# How's life in Thailand?



## tureatan (Nov 28, 2015)

Dear all, 
We are new on this forum so please excuse us if we do not proceed as we should.
We are currently expat in the UK working in Edinburgh. And we are seeking to work in Asia in the next 2 years. And HR departement in our Group adviced Thailand.
Although we have no idea what so ever about life in Thailand.
We took some information about Bangkok and Singapore mostly. Though we would be so grateful if you could tell us a few things like.
- Is life expensive?
- Is it safe for kids and is it easy to live with kids?
- Is it safe generally?
- Is it difficult to have a visa?
- Between Bangkok and Singapore, which one would you advise to go to? Or maybe another city?

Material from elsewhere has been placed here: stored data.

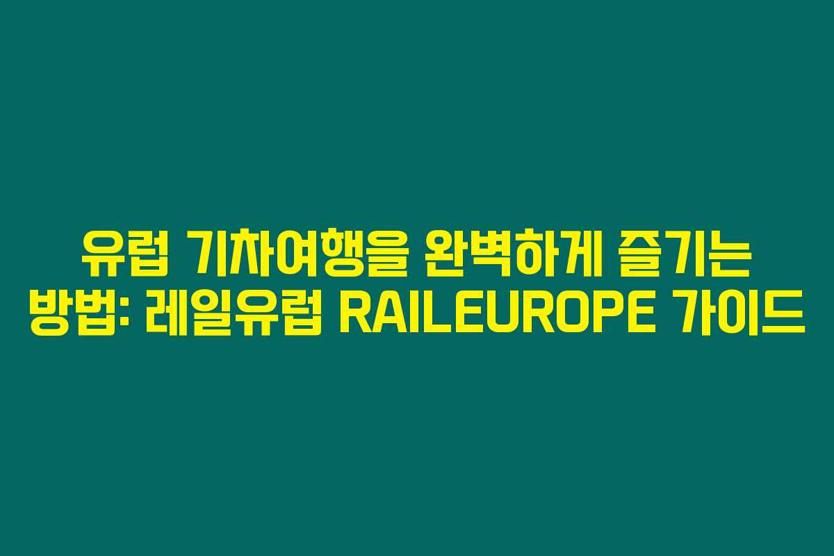 유럽 여행을 계획하고 있다면 기차 여행을 고려해 보세요. 특히 레일유럽 RAILEUROPE를 통한 기차 예매는 많은 장점을 제공합니다. 아래를 읽어보시면, 유럽 전역을 편리하고 경제적으로 여행하는 방법과 함께 프로모션 할인코드 활용 노하우까지 알아볼 수 있습니다.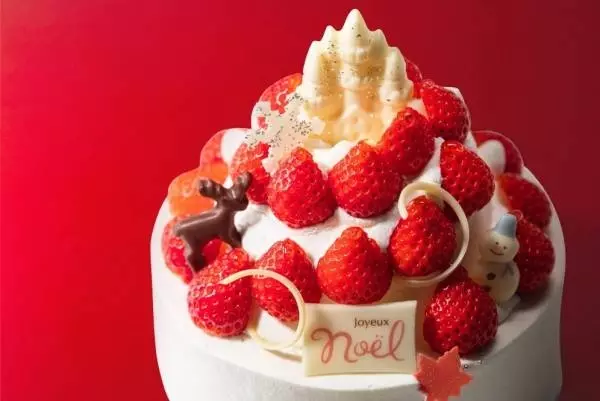 2014年の「雪ふるイブの苺たち」がデザインを新たに登場。それは真っ赤な苺のらせん階段がてっぺんの“雪のお城”へと誘う、ファンタジックなケーキだ。雪だるまやトナカイもあしらわれ、見た目にも楽しげに。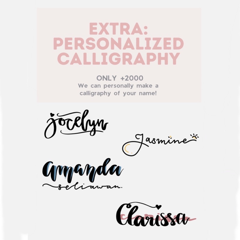 Tidak suka dengan font-font yang tersedia? Kita bisa buatkan custom calligraphy nama kalian untuk dicetak di cover. Isi keterangan pesanan dengan nama / tulisan yang ingin dibuat ya!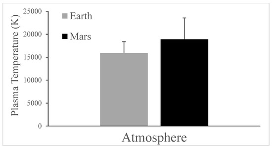 Figure 2 shows a comparison between the average temperatures calculated from the Martian and Earth samples. The graph clearly shows that the temperatures calculated from the Earth samples were generally lower than the Martian samples. It also shows that the average temperatures were not significantly different from each other. It was thought that the potential cause for the lower plasma temperatures on Earth could be due to the fact that the data were taken in gated mode and the earliest part of the plasma formation where the plasma is hottest was not taken in account. However, these data were also taken using a zero-microsecond time delay with a 20 μs gate width; analysis of these data shows a slightly lower plasma temperature than the one-microsecond time delay; these data were added in Table 2. The temperatures were lower using a time delay of 0 μs but they were not significantly different from the 1 μs time delay temperature data. The average temperature here was determined to be 13,200 K.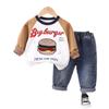 Conjunto de ropa de primavera para niños 2024, nuevo conjunto de sudadera de manga larga con estampado de dibujos animados de estilo occidental para primavera y otoño, conjunto de dos piezas.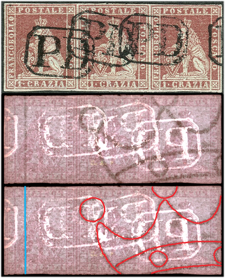 Per completezza, mostriamo anche la filigrana del multiplo che porta il francobollo nella varietà P5 (E13), nella quale si osserva una linea verticale che abbiamo colorato in azzurro e gran pare di una delle dodici corone che componeva la filigrana di Toscana del Primo Tipo, le cui linee abbiamo ritracciato in rosso (figura 22).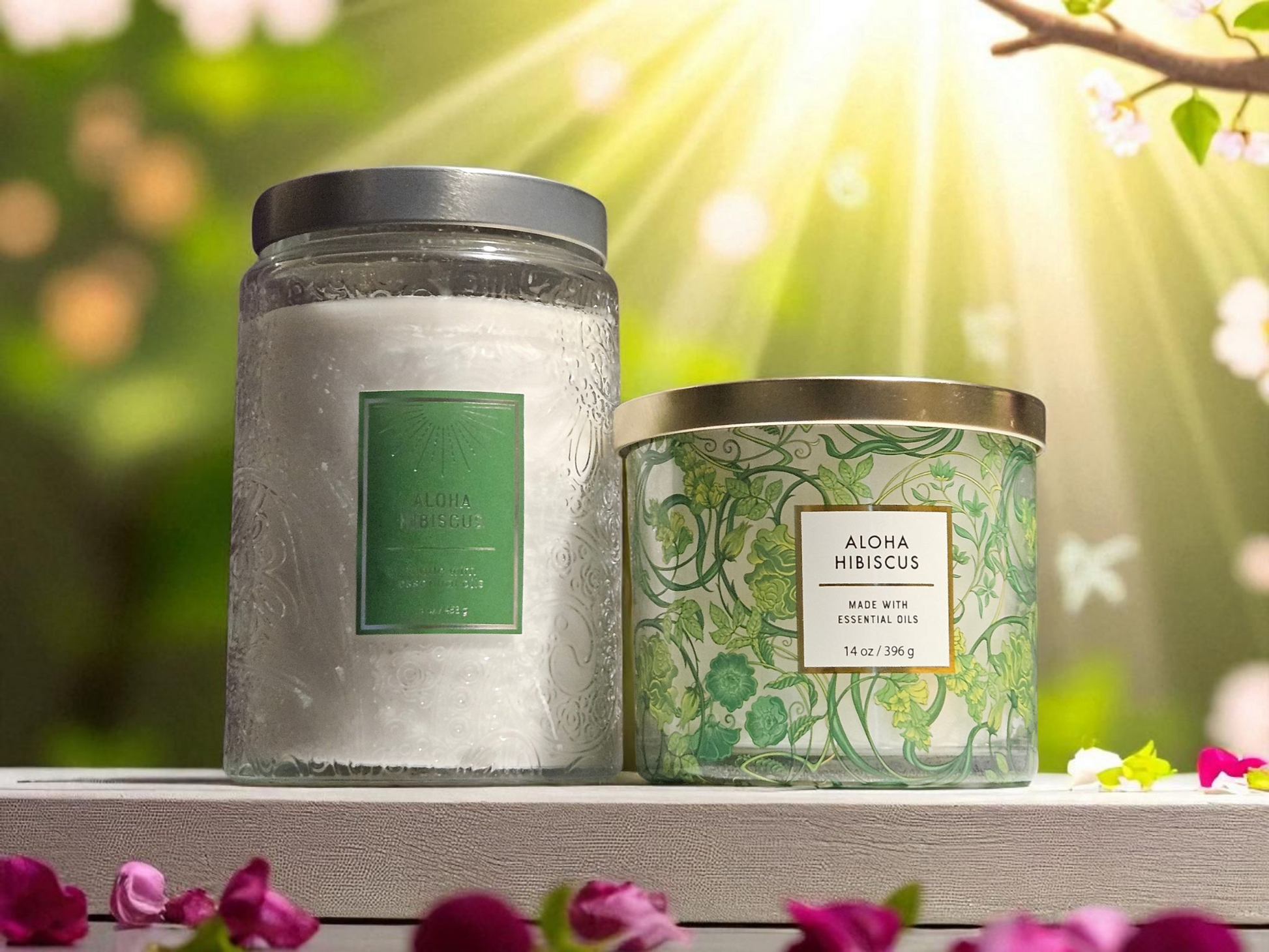 Sets includes 1 16 oz & 1 14 oz Candles. Aloha Hibiscus and White Sandalwood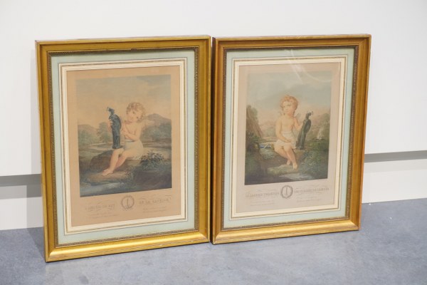 D'après Bosselman. La sagesse triomphe des flèches de l'amour et L'amour se rit de la sagesse. Deux gravures en couleur encadrées sous verre. Avec cadre : environ 45,5 x 36 cm.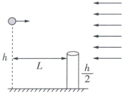 3 [2025江苏无锡期末考试]为了研究空气动力学问题,如图所示,某人将质量为$m$的小球从距地面高$h$处以一定初速度水平抛出,在距抛出点水平距离$L$处,有一根管口比小球直径略大的竖直细管,上管口距地面的高度为$\frac{h}{2}$。小球在水平方向上受恒定风力作用,在竖直方向上阻力不计,且小球恰能无碰撞地穿过细管,重力加速度为$g$,则下列说法正确的是( )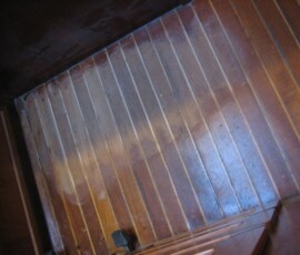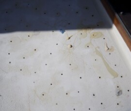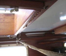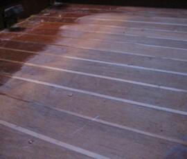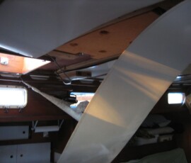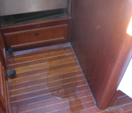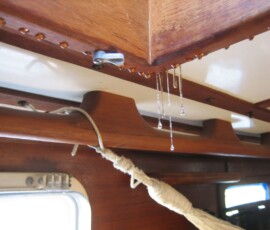 The next day I showed up at the boat to discover a cured puddle of resin covering the galley sole, and stalagtites of resin around the hatch above the puddle. I spent an hour and a half grinding the resin off the floor with the belt sander (36 grit) and another hour and a half chiseling apart the ceiling trim and panels. Now the floor of our galley has a large spot of ugly bare wood that I need to polyurethane, and I still haven’t successfully fixed the delamination on the deck. That sucked.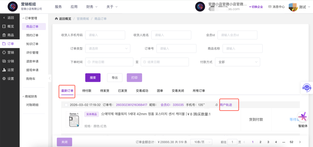 进入商品订单页面后,您可以在“最新订单”或其他订单状态标签下找到您需要查看的目标订单。在每条订单记录上方的基础信息栏中,紧挨着会员ID和手机号的右侧,系统提供了一个紫色的“用户轨迹”快捷链接。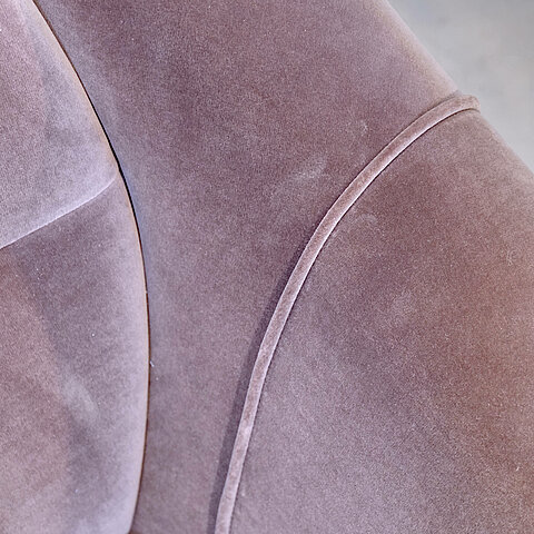 3-seater sofa fully reconditionned and re-upholstered in two shades of Romo velvet and feet are made of lacquered metal and brass detailing. Very elegant and extremely comfortable!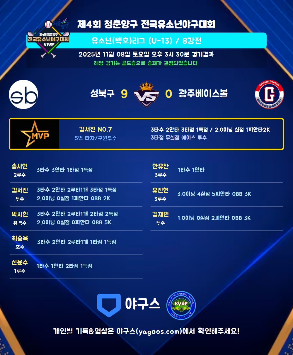 | 광주베이스볼 | 0 | 0 | 0 | 0 | 0 | 0 | 1 | 0 | 2 | 2 |

We surely have more questions even though it does not come in our mind just now. 


Thank you very much.

Vince


----------



## Thai Bigfoot (Aug 29, 2009)

Vince,
This site is chock full of answers to all you questions. Just check out the threads.


----------



## tureatan (Nov 28, 2015)

Thanks Thai Bigfoot,
We are indeed reading them as well.


----------



## tod-daniels (Dec 1, 2013)

Not to sound pedantic but in this case with you asking so many broad brush questions, I concur with Thai Bigfoot.

Now, tryin' to compare a small third world developing country like the glorious "Land 'O Thais" with Singapore is like comparing apples to durian.. They are horses of a different color entirely. 

I've been here 11 years now and as developing third world countries go, Thailand ain't all that bad. In fact, you could do far worse.. The bigger cities have some good infrastructure (especially Bangkok) and out in the country, well it turns into the country pretty darned fast! 

I'd say, as early as you are in your search for where to live, Google is your friend.. 

You aren't the first foreigners contemplating a move east, that's for sure..

Good luck


----------